# Bee removal help!



## Ryanseamans (Feb 23, 2016)

Has anyone ever used bee quick or something of the sorts to help with a trap out? I'm going to be dealing with a hive about 12 feet up in the knot of tree I was thinking about drilling a hole towards the bottom of the hive and shooting some repellant in the hole then sucking them up in a bee vac when they come out the original entrance the hive


----------



## B52EW (Jun 3, 2013)

If you are doing a trap-out, as opposed to a cut-out, is there a reason to expedite the process? I would be concerned that the bee quick would loose its impact somewhere in the trunk and you would end up vac'ing some workers but not get the queen.

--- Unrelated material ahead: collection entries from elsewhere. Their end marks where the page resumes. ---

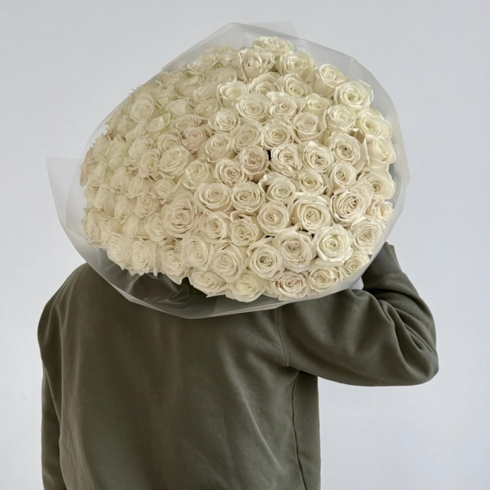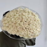 El ramo está compuesto por rosas de la variedad Playa Blanca. Las flores tienen un capullo interesante, alargado y denso. Crean una exquisita paleta de tonos, desde el blanco brillante hasta el color crema. Estas rosas son de alta calidad y de larga duración, lo que las convierte en la elección perfecta para crear un ramo hermoso y espectacular. La fragancia del ramo llena el espacio de calidez y confort, creando una atmósfera de romanticismo y admiración. Le da al ramo un encanto y atractivo únicos.
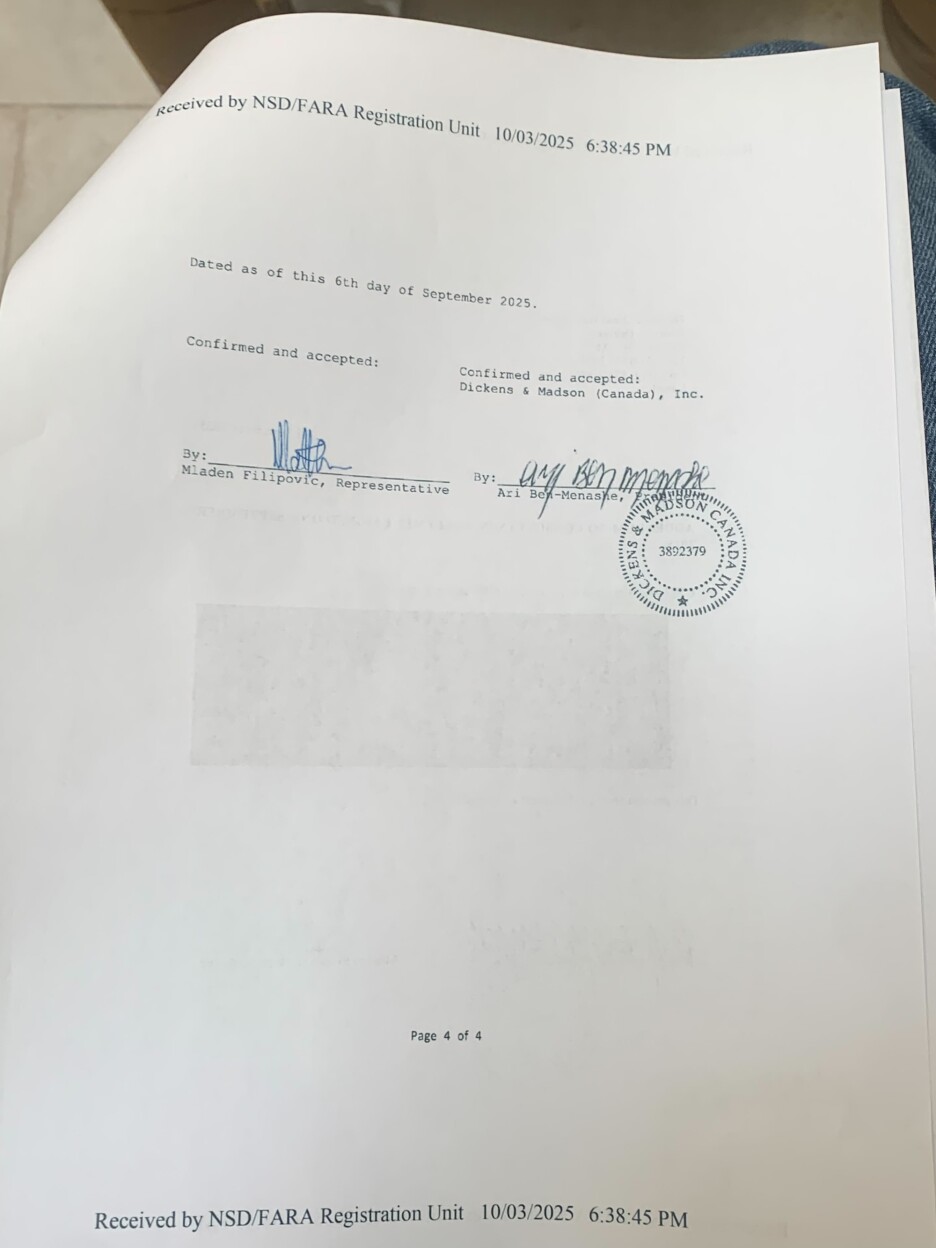 Konaković je istaknuo da je ugovor potpisan u septembru 2025. godine sa lobističkom kućom Dickens & Madson iz Kanade koju vodi, kako kaže, bivši operativac Mossada Ari Ben-Menashe, rođen u Iranu.
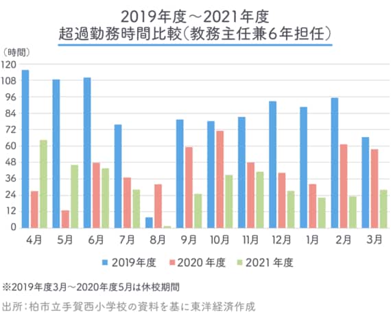 柏市のデータにも成果が表れている。21年度のフルタイムの教職員(管理職を除く)の平均在校時間は、市内の小学校が1日当たり10時間51分に対し、手賀西小は10時間1分。年間にして約167時間も短い。直近、22年6月の教職員の残業状況も、市内小学校では残業45時間以上が638人、80時間以上が93人、100時間以上が11人いたが、手賀西小ではゼロだ。
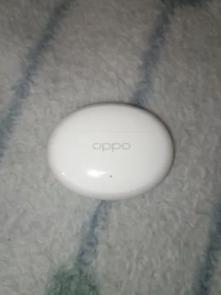 Auriculares inalámbricos de la marca Oppo. Diseño moderno y elegante. - Color blanco. - Estuche de carga compacto.
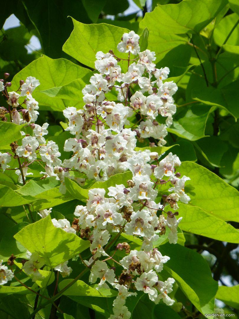 Саженцы  Катальпа Aurea вырастают в невысокое дерево с ассиметричной кроной. Данный сорт выполняет свою основную функцию – декоративную, он служит отличным украшением для любого сада. Листья дерева светло-зеленые очень крупные имеют форму сердца, распускаются поздно. Большие соцветия белого цвета формируются в розетки, их длина может достигать тридцати сантиметров. На деревцах также присутствуют отдельные желтоватые цветки с малиновыми вкраплениями. Плоды этого крупномера очень необычны и интересны, их форма в виде стручков очень похожа на бобовые культуры.
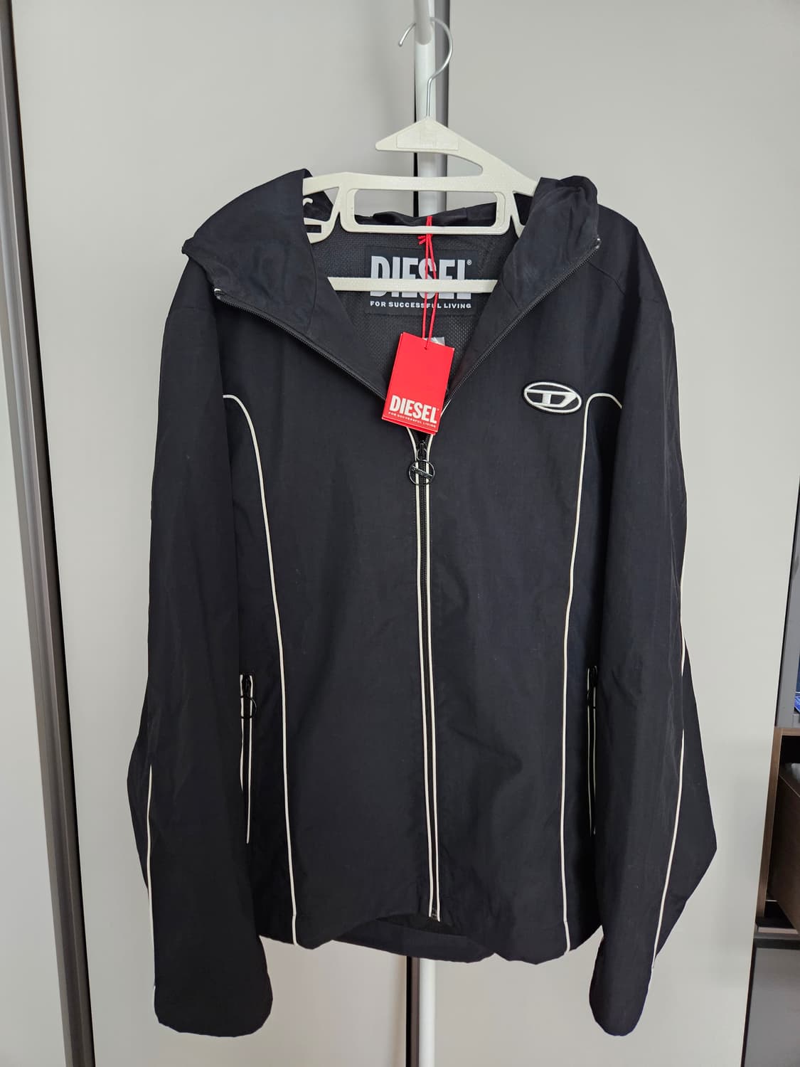 디젤 J-Hives 블랙 바람막이 L 사이즈입니다 가볍고 활동성이 좋은 바람막이입니다 후드 자켓 스타일로, 간절기에 유용하게 입을 수 있습니다. 택채 새상품입니다
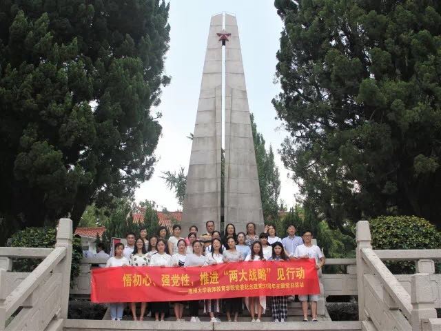 2018年6月29日下午,教师成人色情 组织师生党员赶赴江心屿,开展“悟初心、强党性,推进‘两大战略’见行动”的主题党日活动。在江心屿革命烈士纪念碑前,教工党员潘士杰与学生党员张乐代表学院为革命烈士献上花圈,在场党员同志默哀并鞠躬,表达对革命先烈的缅怀之情。在鲜红的党旗下,聂海燕同志带领各位党员同志重温入党誓词。学生党员阮郑醒、周文带领大家一起学习了毛泽东同志的《为人民服务》与习近平同志的《用党员的标准严格要求自己》两篇文章。学院党委书记杨立淮在革命烈士纪念碑前发表了讲话,他结合这两篇文章的学习指出,学院党组织和党员要始终牢记全心全意为人民服务的宗旨,在推进事业发展中要发挥好基层党组织战斗堡垒作用和党员先锋模范作用。最后,党员同志们在解说员的带领下参观革命纪念馆。党员同志们纷纷表示,应该继承先烈遗志,发扬革命传统,坚定理想信念,不忘初心,为党的事业奋斗。
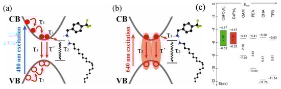 Relaxation mechanism of CsxFA(1−x)PbBryI(3−y) perovskite nanocrystals under (a) 480 nm and (b) 640 nm excitation conditions. (c) HOMO-LUMO estimations of the bulkier cyclic aromatic cations using DFT method. The VB and CB band positions of CsPbBr3 and CsPbI3 were taken from the literature [].
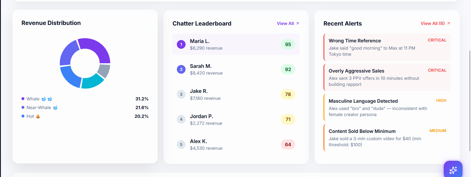 Instant flags for timezone errors, aggressive selling, character breaks, and SOP violations before they cost you.
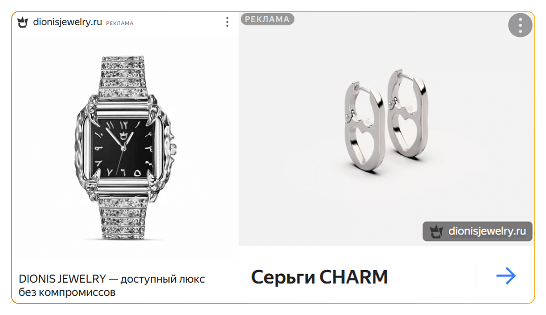 Поскольку основной фактор покупки ЦА — это уникальный дизайн, мы решили не отвлекать от него. В рекламе использовали чистые фото изделий на белом фоне — без моделей, без «атмосферы». Просто показали украшение «как есть». И это сработало: когда человек видит товар «лицом», он сразу понимает — цепляет или нет. Если да — переходит и покупает. Без долгих размышлений.
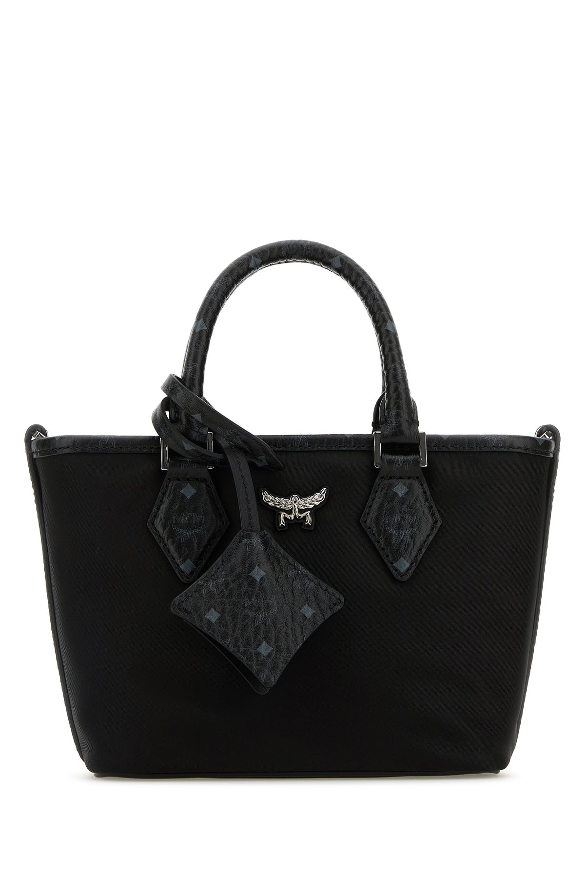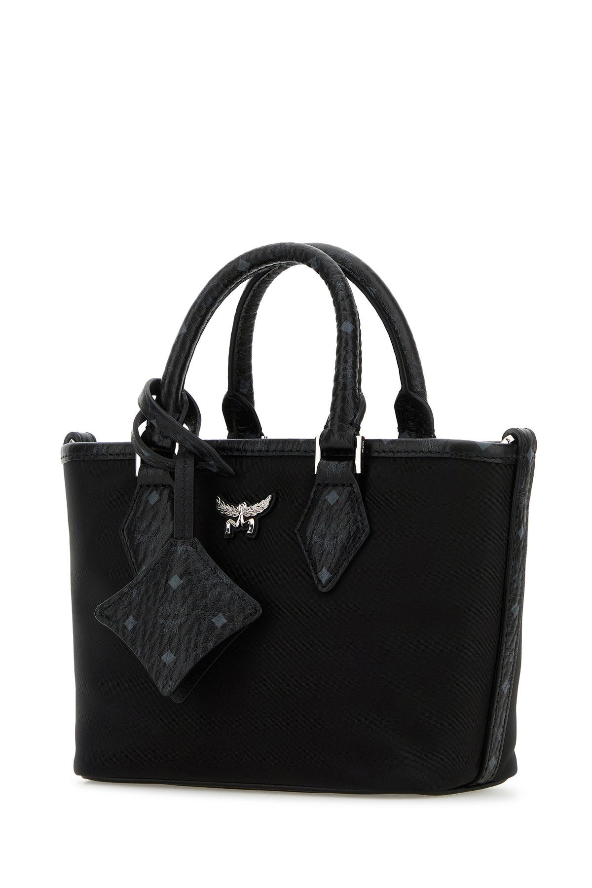 Handbag realized in nylon with Visetos motif leather inserts enriched by metal Laurel detail at the front.
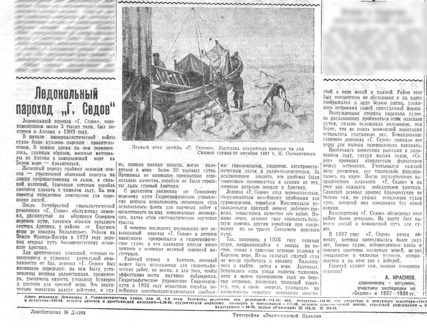 Краснов А.Ледокольный пароход "Г.Седов"//Смена 17 января 1940г., № 14 (4438)

12 feet up in a tree might a good place for a traditional trap-out, out of everyone's and won't be bothered.


----------



## Ryanseamans (Feb 23, 2016)

I tried the cone trap out last year on the same tree with results that weren't very good. The homeowner has children and one is highly allergic to bees and she wasn't to thrilled about them clustering on the outside of the tree they didn't seem to have a lot of interest in the box I put out for them and they're planning on sealing everything off with foam so I'm just looking for the fastest method of getting the majority out unharmed. If all else fails I could order a new queen if I get enough of the workers out


----------



## B52EW (Jun 3, 2013)

Understand. if they are going to seal the tree...then take your best shot.


----------



## Ryanseamans (Feb 23, 2016)

10-4


----------



## Ryanseamans (Feb 23, 2016)

Okay scratch them sealing the tree I got her talked into trying the funnel again any pointers I making it more successful than my last attempt


----------



## rg58612455 (Jun 15, 2015)

I found this video : https://www.youtube.com/watch?v=DwP6fZ59ABI
And this one : https://www.youtube.com/watch?v=iCymcSrjifs


----------



## Ryanseamans (Feb 23, 2016)

Thank you I think I'm going to drill a 2in hole as low as possible in block the other entrance in hope they'll use the use hole I drill then they'll be easier to deal with, the entrance now is in a big knot and it funnels back into the center of the tree


----------



## GaryG74 (Apr 9, 2014)

Send an e-mail to Cleo Hogan, he has a method that gets the queen almost every time. He'll send you instructions, with photos, that are very clear. His e-mail is: [email protected] He also has plans for various bee equipment in the build it yourself section. Good luck with the trap out.


----------



## Ryanseamans (Feb 23, 2016)

Thank you^


----------



## ollie (Jan 2, 2016)

Try contacting PatBeek on here for advice. He does allot of trap outs and Ive seen him use 'Bee Quick or Bee Gone'


----------